How to use ViT and ALIGN from the Hub

Let’s go ahead and experiment with the new ViT and ALIGN models. As ALIGN is newly added to 🤗 Transformers, we will install the latest version of the library: pip install -q git+https://github.com/huggingface/transformers.git and get started with ViT for image classification by importing the modules and libraries we will use. Note that the newly added ALIGN model will be a part of the PyPI package in the next release of the library.

import requests
from PIL import Image
import torch
from transformers import ViTImageProcessor, ViTForImageClassification

Next, we will download a random image of two cats and remote controls on a couch from the COCO dataset and preprocess the image to transform it to the input format expected by the model.
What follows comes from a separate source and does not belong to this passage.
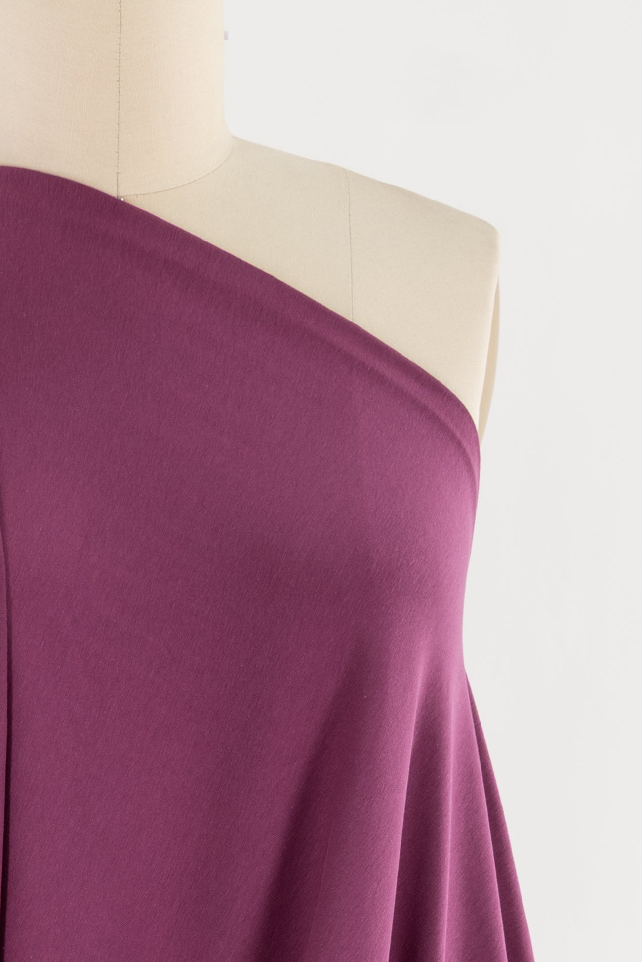 Elegant muted plum on an impeccable European quality cotton/spandex jersey knit, produced in Denmark. Light/mid-weight, opaque, and will skim the body in a flattering way. It has a soft, smooth texture, fluid drape, 4-way stretch, and some rolling at the cut edge. Right for a variety of garments: t-shirt, tunic, dress, soft pants, leggings, cardigan, skirt, or lounge-wear, as well as children's and men's clothing. Oeko-Tex® certified.

To do this, we can conveniently use the corresponding preprocessor class (ViTProcessor). To initialize the model and the preprocessor, we will use one of the Kakao Brain ViT repos on the hub. Note that initializing the preprocessor from a repository ensures that the preprocessed image is in the expected format required by that specific pretrained model.

url = 'http://images.cocodataset.org/val2017/000000039769.jpg'
image = Image.open(requests.get(url, stream=True).raw)

processor = ViTImageProcessor.from_pretrained('kakaobrain/vit-large-patch16-384')
model = ViTForImageClassification.from_pretrained('kakaobrain/vit-large-patch16-384')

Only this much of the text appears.